Start of Block

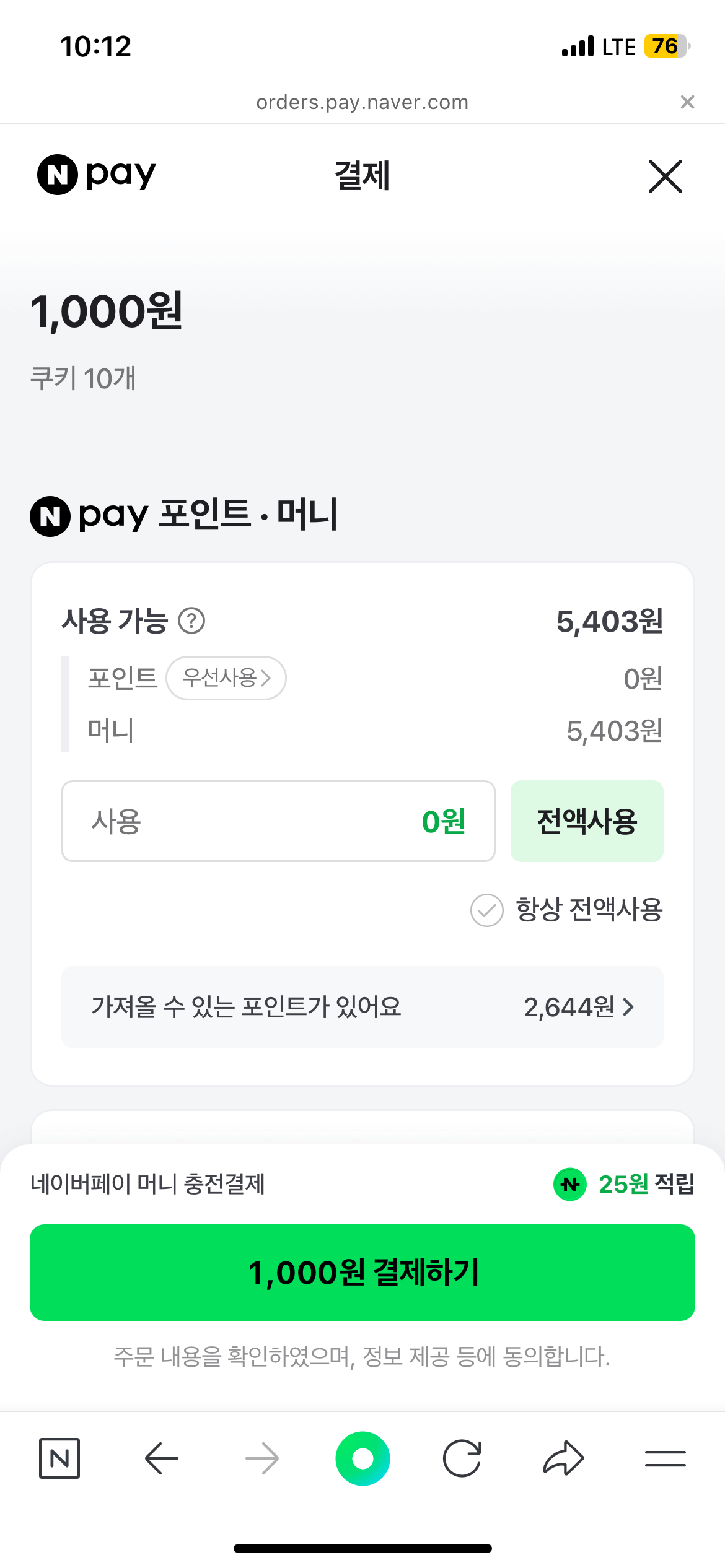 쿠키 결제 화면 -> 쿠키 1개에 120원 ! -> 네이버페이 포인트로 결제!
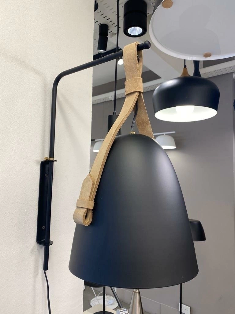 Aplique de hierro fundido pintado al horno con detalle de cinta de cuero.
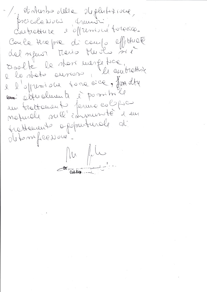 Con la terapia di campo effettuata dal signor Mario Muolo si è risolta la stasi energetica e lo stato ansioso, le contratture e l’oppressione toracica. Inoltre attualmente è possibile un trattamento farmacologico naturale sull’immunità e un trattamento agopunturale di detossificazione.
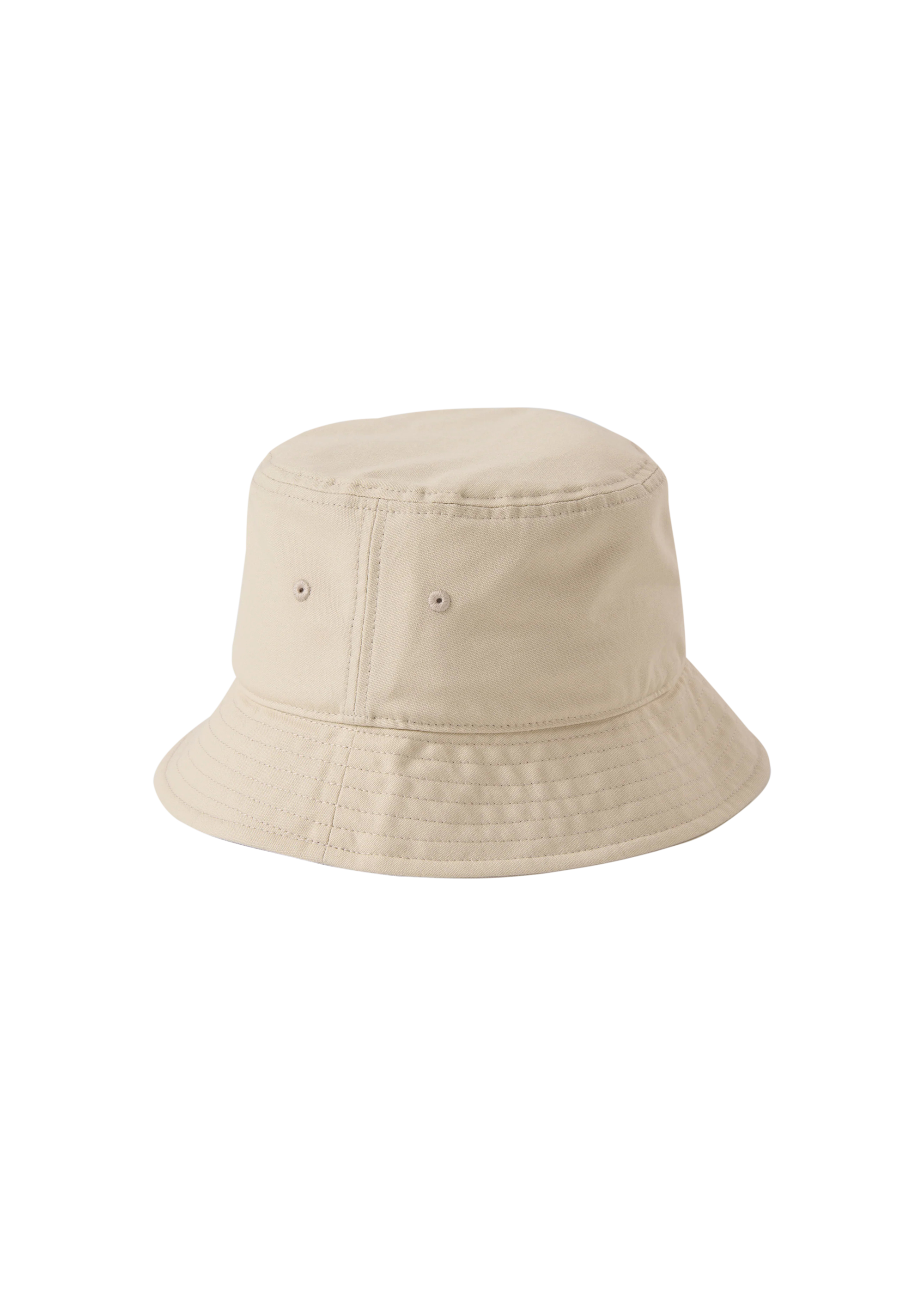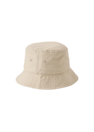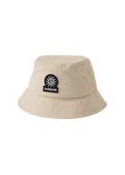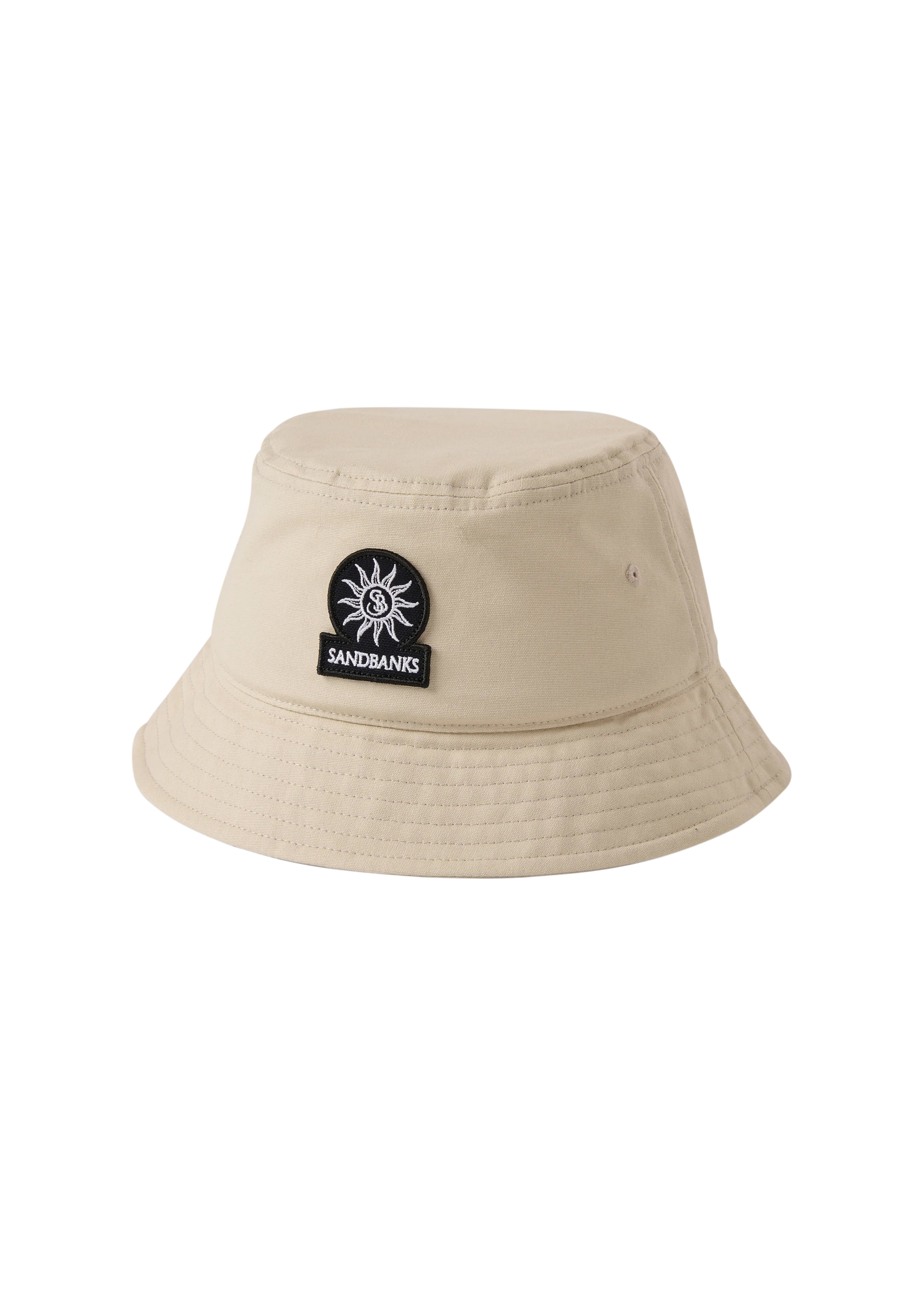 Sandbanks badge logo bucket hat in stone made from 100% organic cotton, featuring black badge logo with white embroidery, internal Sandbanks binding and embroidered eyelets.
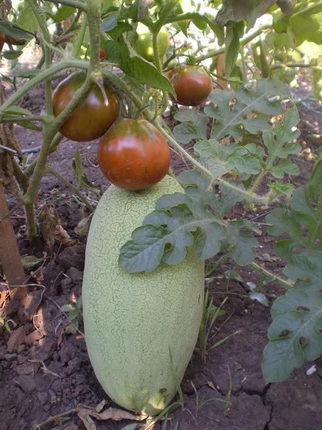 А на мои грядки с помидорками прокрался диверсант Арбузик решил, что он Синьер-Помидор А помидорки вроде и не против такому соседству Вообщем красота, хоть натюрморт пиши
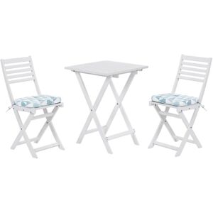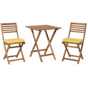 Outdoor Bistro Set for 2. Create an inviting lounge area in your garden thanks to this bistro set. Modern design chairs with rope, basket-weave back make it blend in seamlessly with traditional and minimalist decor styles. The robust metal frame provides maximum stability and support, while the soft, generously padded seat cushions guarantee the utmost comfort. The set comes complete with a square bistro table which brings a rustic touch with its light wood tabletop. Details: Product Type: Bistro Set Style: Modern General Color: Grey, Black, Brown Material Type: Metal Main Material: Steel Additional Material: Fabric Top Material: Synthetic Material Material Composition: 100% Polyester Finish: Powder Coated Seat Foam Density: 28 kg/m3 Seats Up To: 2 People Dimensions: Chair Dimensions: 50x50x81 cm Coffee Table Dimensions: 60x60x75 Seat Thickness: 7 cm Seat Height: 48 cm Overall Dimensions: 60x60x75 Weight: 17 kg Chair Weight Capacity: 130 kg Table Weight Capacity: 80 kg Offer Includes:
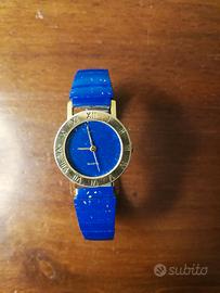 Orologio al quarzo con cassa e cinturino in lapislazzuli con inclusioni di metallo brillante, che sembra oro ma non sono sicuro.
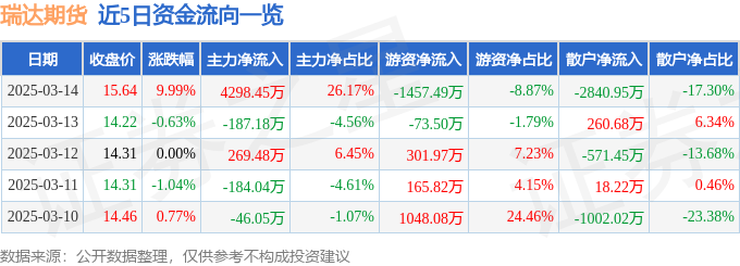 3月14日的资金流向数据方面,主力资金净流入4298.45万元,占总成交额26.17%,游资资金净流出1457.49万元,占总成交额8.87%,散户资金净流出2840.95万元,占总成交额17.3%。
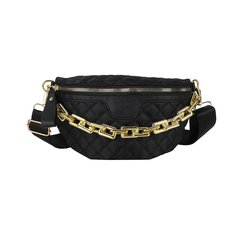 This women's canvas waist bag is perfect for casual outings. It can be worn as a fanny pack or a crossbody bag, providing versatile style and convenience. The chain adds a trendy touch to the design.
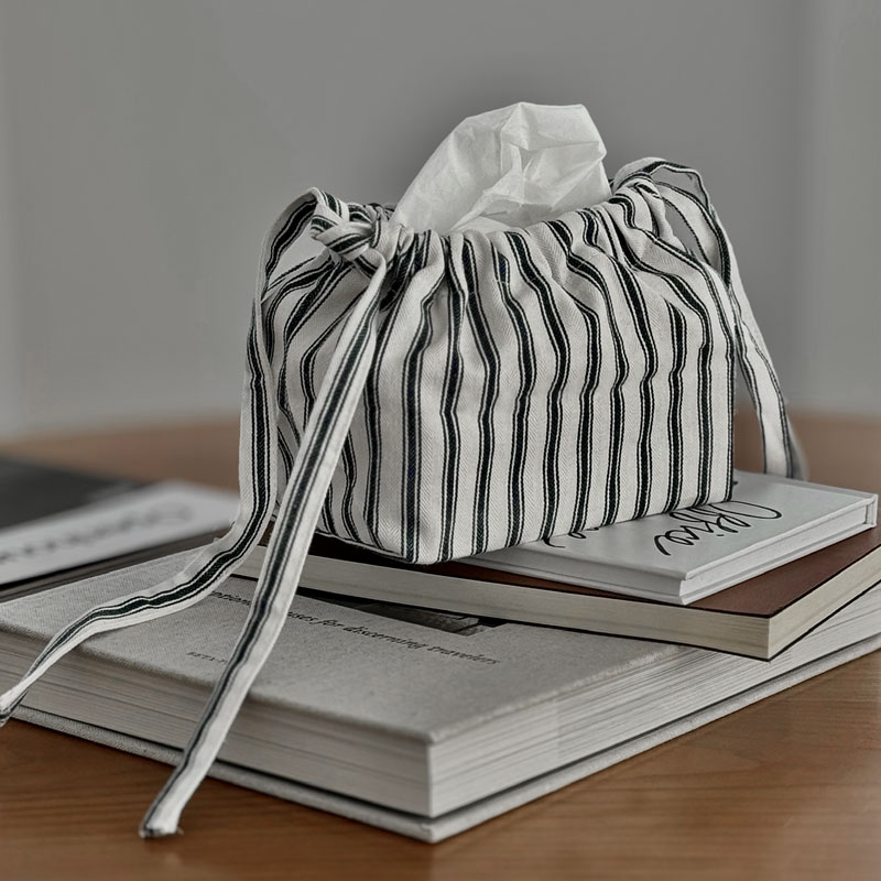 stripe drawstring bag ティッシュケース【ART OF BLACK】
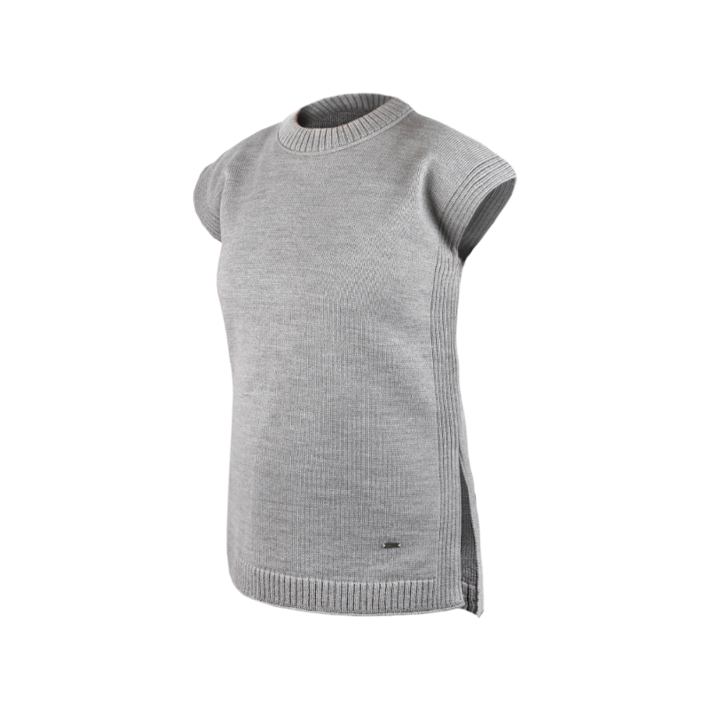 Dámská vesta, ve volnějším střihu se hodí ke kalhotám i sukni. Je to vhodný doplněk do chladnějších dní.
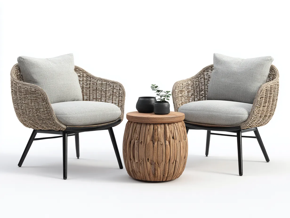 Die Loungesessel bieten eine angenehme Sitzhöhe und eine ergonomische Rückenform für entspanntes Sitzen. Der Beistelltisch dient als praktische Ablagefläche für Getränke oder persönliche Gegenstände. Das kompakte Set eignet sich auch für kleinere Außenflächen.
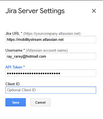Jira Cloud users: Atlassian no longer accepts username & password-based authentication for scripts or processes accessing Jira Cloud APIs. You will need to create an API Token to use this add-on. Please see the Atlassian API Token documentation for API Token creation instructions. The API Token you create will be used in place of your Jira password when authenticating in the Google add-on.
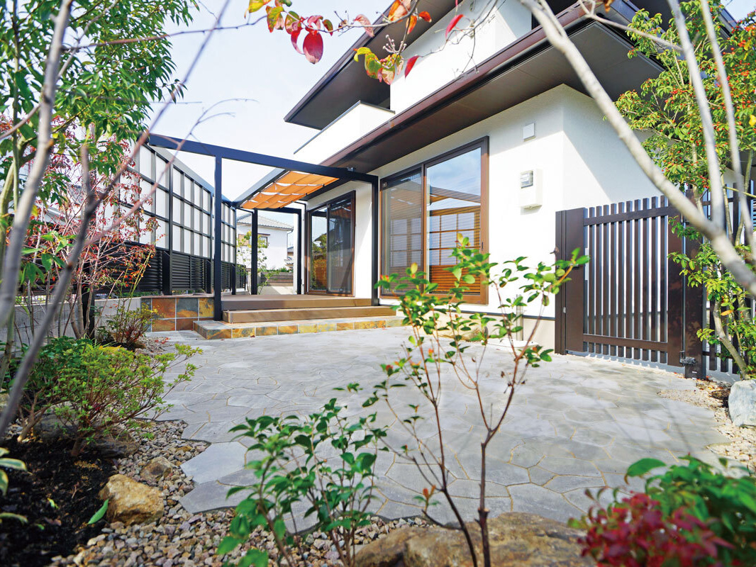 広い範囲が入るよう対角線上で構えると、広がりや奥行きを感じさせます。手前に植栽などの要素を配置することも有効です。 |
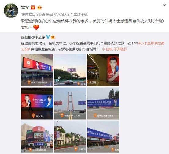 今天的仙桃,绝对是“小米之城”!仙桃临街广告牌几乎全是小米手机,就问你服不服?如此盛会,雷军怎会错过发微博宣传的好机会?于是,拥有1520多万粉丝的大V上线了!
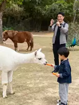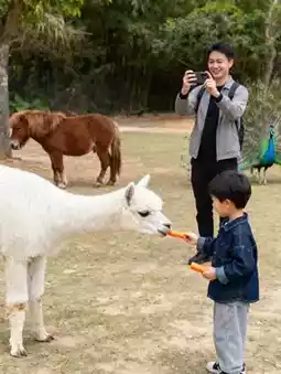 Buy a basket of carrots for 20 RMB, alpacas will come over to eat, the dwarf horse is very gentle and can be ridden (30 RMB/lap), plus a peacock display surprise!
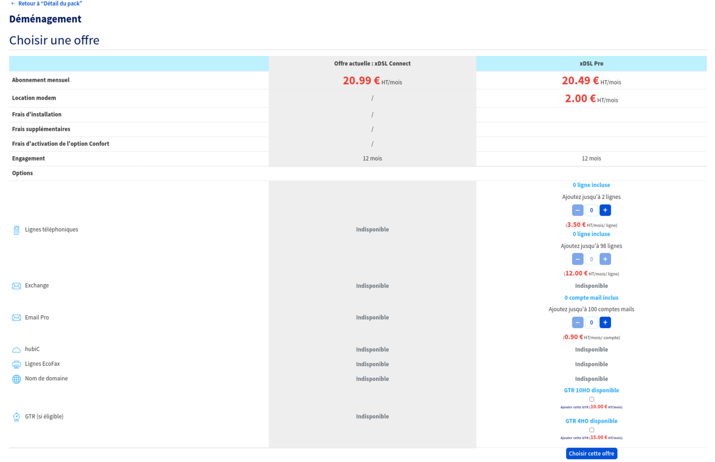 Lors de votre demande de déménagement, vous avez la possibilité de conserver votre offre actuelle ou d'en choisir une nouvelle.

End of Block

#### Assignment:
Each entry above should be copied word for word, with the images omitted.

#### Reply to the task:
 쿠키 결제 화면 -> 쿠키 1개에 120원 ! -> 네이버페이 포인트로 결제!
 Aplique de hierro fundido pintado al horno con detalle de cinta de cuero.
 Con la terapia di campo effettuata dal signor Mario Muolo si è risolta la stasi energetica e lo stato ansioso, le contratture e l’oppressione toracica. Inoltre attualmente è possibile un trattamento farmacologico naturale sull’immunità e un trattamento agopunturale di detossificazione.
 Sandbanks badge logo bucket hat in stone made from 100% organic cotton, featuring black badge logo with white embroidery, internal Sandbanks binding and embroidered eyelets.
 А на мои грядки с помидорками прокрался диверсант Арбузик решил, что он Синьер-Помидор А помидорки вроде и не против такому соседству Вообщем красота, хоть натюрморт пиши
 Outdoor Bistro Set for 2. Create an inviting lounge area in your garden thanks to this bistro set. Modern design chairs with rope, basket-weave back make it blend in seamlessly with traditional and minimalist decor styles. The robust metal frame provides maximum stability and support, while the soft, generously padded seat cushions guarantee the utmost comfort. The set comes complete with a square bistro table which brings a rustic touch with its light wood tabletop. Details: Product Type: Bistro Set Style: Modern General Color: Grey, Black, Brown Material Type: Metal Main Material: Steel Additional Material: Fabric Top Material: Synthetic Material Material Composition: 100% Polyester Finish: Powder Coated Seat Foam Density: 28 kg/m3 Seats Up To: 2 People Dimensions: Chair Dimensions: 50x50x81 cm Coffee Table Dimensions: 60x60x75 Seat Thickness: 7 cm Seat Height: 48 cm Overall Dimensions: 60x60x75 Weight: 17 kg Chair Weight Capacity: 130 kg Table Weight Capacity: 80 kg Offer Includes:
 Orologio al quarzo con cassa e cinturino in lapislazzuli con inclusioni di metallo brillante, che sembra oro ma non sono sicuro.
 3月14日的资金流向数据方面,主力资金净流入4298.45万元,占总成交额26.17%,游资资金净流出1457.49万元,占总成交额8.87%,散户资金净流出2840.95万元,占总成交额17.3%。
 This women's canvas waist bag is perfect for casual outings. It can be worn as a fanny pack or a crossbody bag, providing versatile style and convenience. The chain adds a trendy touch to the design.
 stripe drawstring bag ティッシュケース【ART OF BLACK】
 Dámská vesta, ve volnějším střihu se hodí ke kalhotám i sukni. Je to vhodný doplněk do chladnějších dní.
 Die Loungesessel bieten eine angenehme Sitzhöhe und eine ergonomische Rückenform für entspanntes Sitzen. Der Beistelltisch dient als praktische Ablagefläche für Getränke oder persönliche Gegenstände. Das kompakte Set eignet sich auch für kleinere Außenflächen.
Jira Cloud users: Atlassian no longer accepts username & password-based authentication for scripts or processes accessing Jira Cloud APIs. You will need to create an API Token to use this add-on. Please see the Atlassian API Token documentation for API Token creation instructions. The API Token you create will be used in place of your Jira password when authenticating in the Google add-on.
 広い範囲が入るよう対角線上で構えると、広がりや奥行きを感じさせます。手前に植栽などの要素を配置することも有効です。 |
 今天的仙桃,绝对是“小米之城”!仙桃临街广告牌几乎全是小米手机,就问你服不服?如此盛会,雷军怎会错过发微博宣传的好机会?于是,拥有1520多万粉丝的大V上线了!
 Buy a basket of carrots for 20 RMB, alpacas will come over to eat, the dwarf horse is very gentle and can be ridden (30 RMB/lap), plus a peacock display surprise!
 Lors de votre demande de déménagement, vous avez la possibilité de conserver votre offre actuelle ou d'en choisir une nouvelle.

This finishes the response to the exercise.